877-454-3672

Search Tours

One comment on “The art of bartering – A South East Asian tradition”

  1. A great story. Next to seeing the ancient wonders of Asia, interacting with the people, eating local foods, bargaining is the greatest adventure and reason I can think of for going to Asian nations. Yes, the key is to keep it fun, laugh and smile. Never, ever get mad and very serious about the process. It should be enjoyable.

    I have many stories of bargaining in Asia and here are but a few of them:

    When I go to an Asian nation, I go with my list of things-to-buy already made up. As for how much to pay, I generally begin at 50-60% less than what is asked. That gives some wiggle room. If you offer only say, 20% less than asking price, less room to bargain. Also, if you don’t try bargaining, some vendors will consider you a sucker, stupid foreigner. I even bargain where the signs says, fixed price as generally it is not. So don’t be swayed by their signs. And never trust anything to be an antique as real antiques require special export permits or may even be illegal to export.

    Also, do not buy the Gucci or Rolex counterfeits or similar items as US customs will confiscate them. Of course you don’t have to declare them but is it worth the price you will pay if caught?

    Sometimes, I even offer less than 60%. The key is to watch the vendors reaction.
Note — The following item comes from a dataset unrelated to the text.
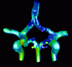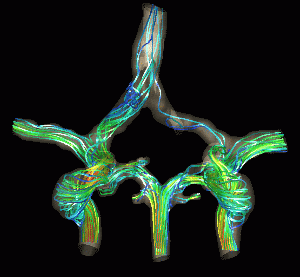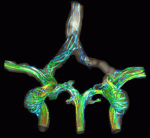 The next figures show the application of CFD modeling to surgical planning. In this case one of the cerebral arteries is temporarily occluded and the new flow redistribution is calculated. The flow patterns before and after the occlusive maneuver has been carried out are shown below.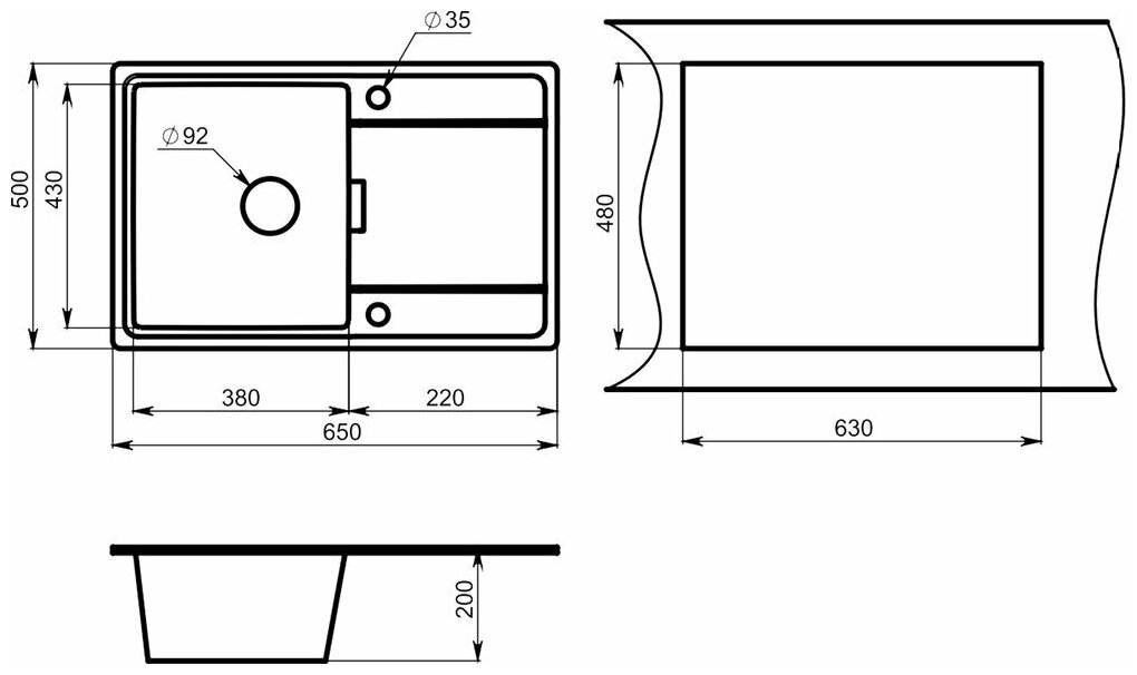 Кухонная мойка кварцевая Granula GR-6503 прямоугольная с крылом, врезная, чаша 380х430, цвет шварц (6503sv)

If he-she gets an angry or disgusted look then you started way too low. They are thinking that the price is an insult, ridiculous. Be careful to see if that reaction is real or part of the great bargaining game. Often it is difficult to tell.
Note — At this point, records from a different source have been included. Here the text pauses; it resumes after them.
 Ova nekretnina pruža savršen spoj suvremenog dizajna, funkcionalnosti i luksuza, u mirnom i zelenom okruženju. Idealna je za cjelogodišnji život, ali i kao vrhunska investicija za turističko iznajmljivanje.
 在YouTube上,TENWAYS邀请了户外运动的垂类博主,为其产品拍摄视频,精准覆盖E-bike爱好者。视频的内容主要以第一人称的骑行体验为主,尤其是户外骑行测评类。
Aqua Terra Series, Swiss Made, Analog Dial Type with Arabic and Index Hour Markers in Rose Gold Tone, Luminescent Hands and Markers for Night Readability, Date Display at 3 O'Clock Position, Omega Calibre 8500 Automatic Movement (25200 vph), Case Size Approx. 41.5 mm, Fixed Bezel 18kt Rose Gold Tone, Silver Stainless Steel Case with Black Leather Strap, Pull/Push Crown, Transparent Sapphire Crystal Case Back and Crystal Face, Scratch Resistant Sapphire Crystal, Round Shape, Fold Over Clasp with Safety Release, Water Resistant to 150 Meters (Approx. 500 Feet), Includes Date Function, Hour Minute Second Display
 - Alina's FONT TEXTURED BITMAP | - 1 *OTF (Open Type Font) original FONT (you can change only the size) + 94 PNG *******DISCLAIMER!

    Generally, starting out at 50% is a safe bet to start the bargaining process. However, consider it a game and be sure you make it a win-win situation as much as possible.
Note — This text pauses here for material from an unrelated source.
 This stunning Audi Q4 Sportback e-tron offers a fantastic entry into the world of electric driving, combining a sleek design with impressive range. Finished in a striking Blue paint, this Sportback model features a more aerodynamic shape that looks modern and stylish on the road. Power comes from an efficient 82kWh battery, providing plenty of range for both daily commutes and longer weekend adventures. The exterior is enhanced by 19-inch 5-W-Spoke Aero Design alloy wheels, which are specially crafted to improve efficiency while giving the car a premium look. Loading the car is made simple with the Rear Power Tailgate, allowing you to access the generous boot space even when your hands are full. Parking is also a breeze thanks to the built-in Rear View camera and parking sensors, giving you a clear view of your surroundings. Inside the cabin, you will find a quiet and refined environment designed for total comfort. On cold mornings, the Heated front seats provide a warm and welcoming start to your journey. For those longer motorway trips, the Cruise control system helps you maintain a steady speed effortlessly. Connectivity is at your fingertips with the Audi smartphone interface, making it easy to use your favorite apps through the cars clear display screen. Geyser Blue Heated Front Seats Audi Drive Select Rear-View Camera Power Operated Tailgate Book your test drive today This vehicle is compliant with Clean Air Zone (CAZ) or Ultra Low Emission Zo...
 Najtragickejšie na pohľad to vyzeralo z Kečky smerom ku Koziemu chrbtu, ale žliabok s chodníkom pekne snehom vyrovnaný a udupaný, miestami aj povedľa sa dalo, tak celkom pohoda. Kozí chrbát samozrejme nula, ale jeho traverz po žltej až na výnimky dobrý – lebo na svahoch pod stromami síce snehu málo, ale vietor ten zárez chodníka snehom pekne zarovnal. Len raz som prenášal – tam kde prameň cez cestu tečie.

    When first offered the price, I use various ways to show shock at the price. Once in the massive, weekend market in Bangkok, I was trying to buy some awesome, metal bookends. When offered the price, I grabbed my heart and fell to my knees. The lady was in shock but I slowly got to my feet and said that her price was such a shock. When she saw that I was kidding, she laughed, offered a drink and the bargaining began in earnest.

    Another technique I use is to say no, if I paid the price you asked, my wife and child (at the time our eight year old son was with us) would go hungry with no dinner as I would not have any money left. But, you must say that with a smile. Once I was even offered some food by the vendor if I paid the price. I had to laugh at that one as he quickly caught on to my joke. We laughed and got to bargaining in earnest.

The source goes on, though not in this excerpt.